Status: Accepted Date: 2025-12-28 Deciders: Hal Casteel Categories: Architecture, Backend, API


Context

CODITECT Document Management System requires a robust API layer to expose document management, semantic search, and analytics capabilities. The API must support:

Requirements

  1. High-Performance Vector Search: Sub-100ms p95 latency for semantic search queries
  2. Async Database Operations: Non-blocking PostgreSQL (pgvector) and Redis operations
  3. Real-Time Embedding Generation: Concurrent calls to OpenAI/Anthropic embedding APIs
  4. Multi-Tenant Isolation: Secure tenant separation with proper authentication
  5. API Documentation: Auto-generated OpenAPI/Swagger documentation
  6. Type Safety: Strong typing for request/response validation
  7. Production Readiness: Battle-tested for enterprise deployment

Constraints

  • Must integrate with existing Python ML/AI ecosystem (embeddings, vector operations)
  • Must support async patterns for I/O-bound operations
  • Must provide automatic request validation
  • Must generate API documentation without manual maintenance
  • Must have proven production track record at scale

Decision

We will use FastAPI as the primary web framework for the CODITECT Document Management System API because it provides the optimal combination of async performance, type safety, automatic documentation, and Python ecosystem integration required for our semantic search and document management use cases.


Alternatives Considered

1. Django REST Framework (DRF)

Pros:

  • Mature, battle-tested framework
  • Excellent admin interface
  • Strong ORM integration
  • Large community and ecosystem

Cons:

  • Sync-first architecture (async support added later, not native)
  • Heavier footprint for API-only services
  • ORM doesn't natively support pgvector
  • Slower request processing compared to ASGI frameworks

Rejection Reason: Our use case requires async I/O for vector search, embedding APIs, and Redis operations. Django's sync-first architecture would require additional complexity for proper async handling.

2. Flask

Pros:

  • Lightweight and flexible
  • Simple to get started
  • Large extension ecosystem

Cons:

  • No native async support (requires additional libraries)
  • No built-in request validation
  • No automatic API documentation
  • Manual type checking required

Rejection Reason: Lacks native async support and automatic OpenAPI generation, which are critical for our requirements.
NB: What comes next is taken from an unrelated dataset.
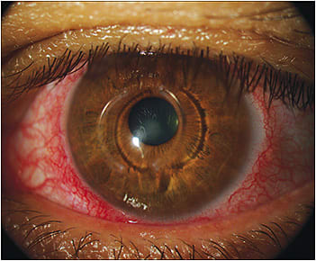 This image shows a case of conjunctival hyperemia due to use of a scleral lens.

3. Starlette (FastAPI's Foundation)

Pros:

  • Maximum control and flexibility
  • Minimal overhead
  • Pure ASGI implementation

Cons:

  • No built-in request/response validation
  • No automatic OpenAPI generation
  • Requires more boilerplate code

Rejection Reason: Would require reimplementing features that FastAPI provides out of the box (Pydantic validation, OpenAPI generation).

4. gRPC (Python)

Pros:

  • Binary protocol (efficient)
  • Strong typing via Protocol Buffers
  • Excellent for microservices communication

Cons:

  • No browser client support without gateway
  • More complex tooling
  • Protocol Buffer management overhead

Rejection Reason: Our API needs to be consumable by web browsers and third-party integrations, which requires REST/HTTP. gRPC may be considered for internal service-to-service communication in future.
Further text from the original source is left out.